Exercise. Only the text belongs in the answer: every line of the records below, transcribed exactly.
### Records provided ###
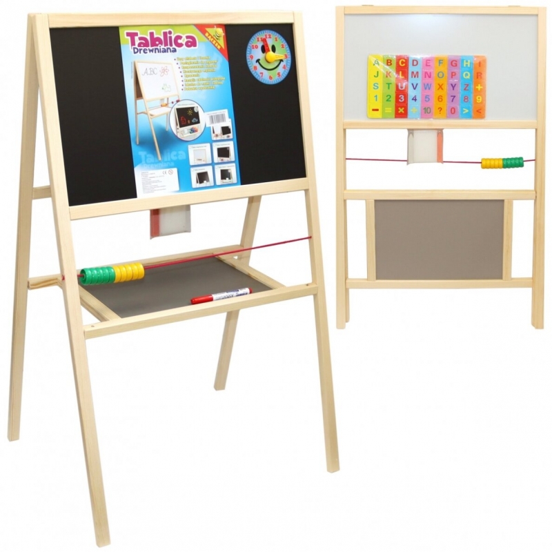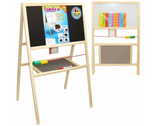 Magnetinė dvipusė rašymo lenta, skirta rašyti kreida arba žymekliais. Medinis rėmas. Matmenys: 53x45x88cm.
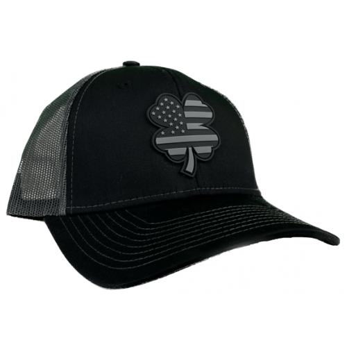 Rubber patch 4 leaf clover black/grey flag logo. One size fits all, stretch fit closure.
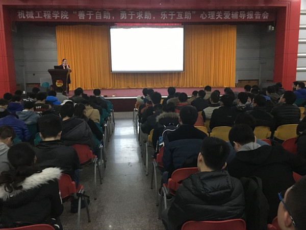 为了营造关爱自身,关心他人,共筑和谐校园的良好氛围,12月16日下午,机械工程学院在屯溪路校区东风报告厅举办主题为“善于自助,勇于求助,乐于互助”的大学生心理关爱辅导报告会。报告由学工部心理健康教育与咨询中心李艳老师主讲,学院辅导员、各班班长、寝室长及党支部书记300余人聆听了此次报告会。
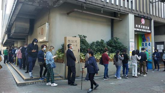 Moradores fazem fila para tomar a vacina da Covid-19 no Centro Esportivo Sai Wan Ho em Sai Wan Ho, Hong Kong, em 4 de janeiro de 2022. (Foto: China Daily) A Chefe do Executivo da Regi?o Administrati…
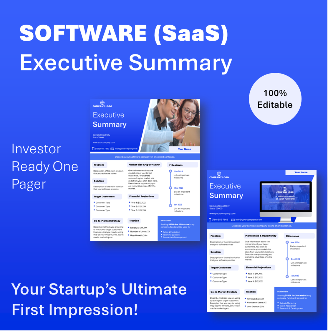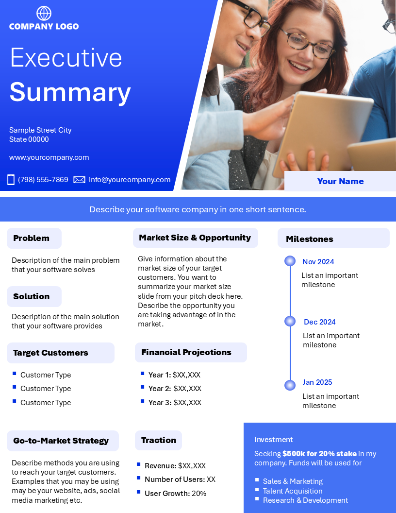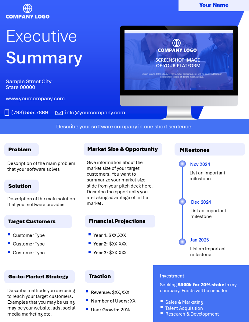 Crafted to captivate, this executive summary is more than just a one-pager it’s your software startup’s front door to investor interest. Designed to open doors and secure meetings, this high-impact document distills your business vision, traction, and potential into a format investors actually want to read.
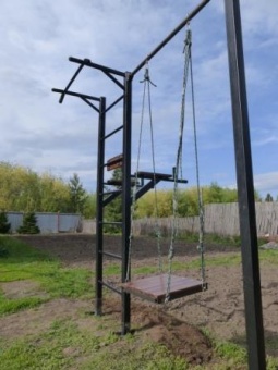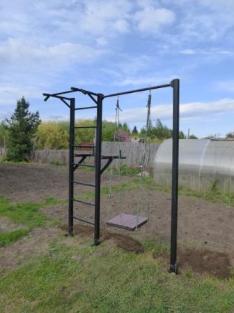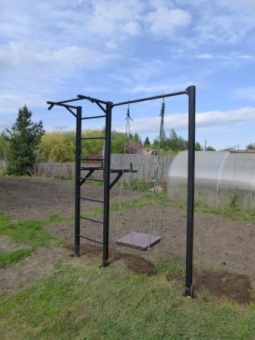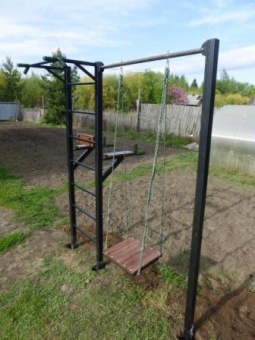 • ТУРНИК-брусья-пресс со стойкой под качель, изготавливается из профильной  трубы 60х40мм и 60х60мм. Разборная конструкция, рекомендуемая нагрузка на турник не более 300 кг, на брусья не более 200 кг. (качель в комплектацию не входит)
###
Task solution.
 Magnetinė dvipusė rašymo lenta, skirta rašyti kreida arba žymekliais. Medinis rėmas. Matmenys: 53x45x88cm.
 Rubber patch 4 leaf clover black/grey flag logo. One size fits all, stretch fit closure.
 为了营造关爱自身,关心他人,共筑和谐校园的良好氛围,12月16日下午,机械工程学院在屯溪路校区东风报告厅举办主题为“善于自助,勇于求助,乐于互助”的大学生心理关爱辅导报告会。报告由学工部心理健康教育与咨询中心李艳老师主讲,学院辅导员、各班班长、寝室长及党支部书记300余人聆听了此次报告会。
 Moradores fazem fila para tomar a vacina da Covid-19 no Centro Esportivo Sai Wan Ho em Sai Wan Ho, Hong Kong, em 4 de janeiro de 2022. (Foto: China Daily) A Chefe do Executivo da Regi?o Administrati…
 Crafted to captivate, this executive summary is more than just a one-pager it’s your software startup’s front door to investor interest. Designed to open doors and secure meetings, this high-impact document distills your business vision, traction, and potential into a format investors actually want to read.
 • ТУРНИК-брусья-пресс со стойкой под качель, изготавливается из профильной  трубы 60х40мм и 60х60мм. Разборная конструкция, рекомендуемая нагрузка на турник не более 300 кг, на брусья не более 200 кг. (качель в комплектацию не входит)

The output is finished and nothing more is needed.